__PROBLEM DESCRIPTION__: Copy out the full listing below as it stands, with its pictures left behind.

__DATASET EXCERPT__:
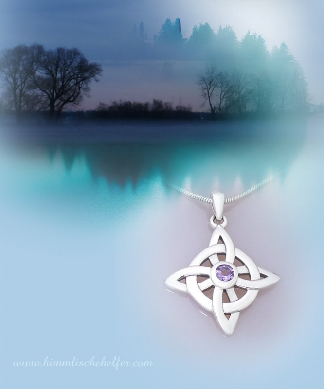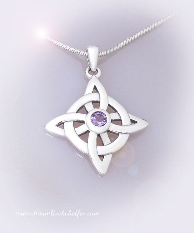 Keltischer Vierfachknoten, ein Symbol für Schutz, Glück und Unendlichkeit, verziert mit einem funkelnden Amethyst. Ein keltischer Knoten für Schutz und Glück, ohne Anfang und Ende verschlungen. Ein Endlosknoten der Ewigkeit, der zeigt, dass alles miteinander verbunden ist. Der uns mit der spirituellen Ebene verbindet und uns für das Feinstoffliche empfänglich macht. Er verbindet uns mit der alten Zeit, mit der Anderswelt. Der Amethyst gilt als Stein der Träume, Freundschaft und Spiritualität, er verbindet uns mit der Kraft der Natur und der Bedeutung der Edelsteine. Spiritueller Schmuck in hochwertiger Ausarbeitung, edles Schmuckdesign nach Künstlervorlage gearbeitet, handpoliert. Keltischer Knoten, spiritueller Schmuck, aus 925er Sterling Silber, mit einem gefassten facettierten Amethyst, Durchmesser ca. 3,7mm. Lieferung in einem hübschen Organza Täschchen, ohne Kette (Abbildung mit einer dünnen Schlangenkette 1,2mm Durchmesser) Größe keltischer Schutzknoten inkl. Aufhängung ca. 3,3 x 2,5cm.
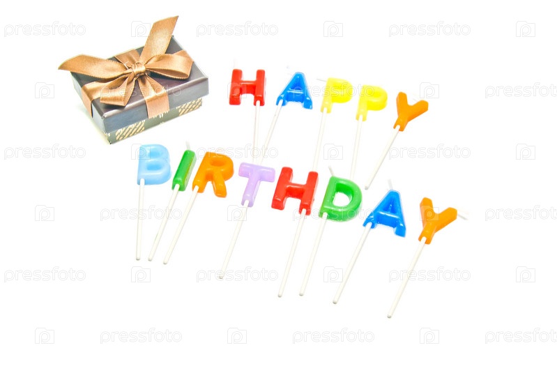 Свечи для торта с подарком на белом фоне
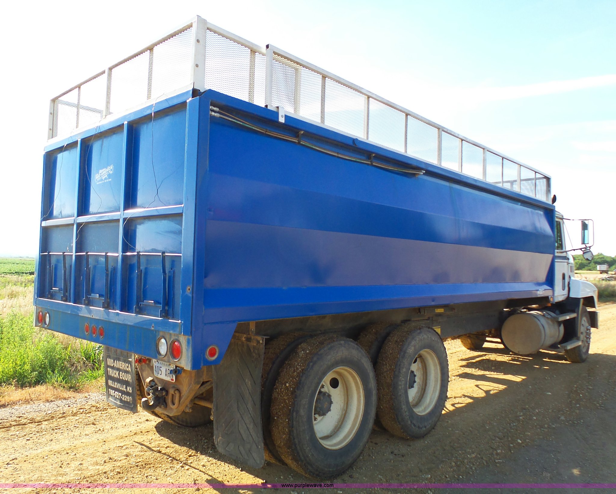 Purple Wave is selling a used Grain Truck in Kansas. This item is a 1991 Mack CH613 silage/grain truck with the following: 62,229 miles on odometer, Actual mileage unknown, Mack E7 12.0L L6 diesel engine, 350 HP, Mack Maxitorque 10 speed manual transmission, Tandem axle, AC and heat, Tilt steering wheel, AM/FM, Air suspension seats, Air ride cab, PTO, Mid-America silage bed, 22'L x 101"W, 56" side height, Grain doors, Hydraulic end gate, Dual fuel tanks, Pintle hitch, Air suspension, Air brakes, 11R24.5 tires, Two-way radio not included

__OUTPUT__:
 Keltischer Vierfachknoten, ein Symbol für Schutz, Glück und Unendlichkeit, verziert mit einem funkelnden Amethyst. Ein keltischer Knoten für Schutz und Glück, ohne Anfang und Ende verschlungen. Ein Endlosknoten der Ewigkeit, der zeigt, dass alles miteinander verbunden ist. Der uns mit der spirituellen Ebene verbindet und uns für das Feinstoffliche empfänglich macht. Er verbindet uns mit der alten Zeit, mit der Anderswelt. Der Amethyst gilt als Stein der Träume, Freundschaft und Spiritualität, er verbindet uns mit der Kraft der Natur und der Bedeutung der Edelsteine. Spiritueller Schmuck in hochwertiger Ausarbeitung, edles Schmuckdesign nach Künstlervorlage gearbeitet, handpoliert. Keltischer Knoten, spiritueller Schmuck, aus 925er Sterling Silber, mit einem gefassten facettierten Amethyst, Durchmesser ca. 3,7mm. Lieferung in einem hübschen Organza Täschchen, ohne Kette (Abbildung mit einer dünnen Schlangenkette 1,2mm Durchmesser) Größe keltischer Schutzknoten inkl. Aufhängung ca. 3,3 x 2,5cm.
 Свечи для торта с подарком на белом фоне
 Purple Wave is selling a used Grain Truck in Kansas. This item is a 1991 Mack CH613 silage/grain truck with the following: 62,229 miles on odometer, Actual mileage unknown, Mack E7 12.0L L6 diesel engine, 350 HP, Mack Maxitorque 10 speed manual transmission, Tandem axle, AC and heat, Tilt steering wheel, AM/FM, Air suspension seats, Air ride cab, PTO, Mid-America silage bed, 22'L x 101"W, 56" side height, Grain doors, Hydraulic end gate, Dual fuel tanks, Pintle hitch, Air suspension, Air brakes, 11R24.5 tires, Two-way radio not included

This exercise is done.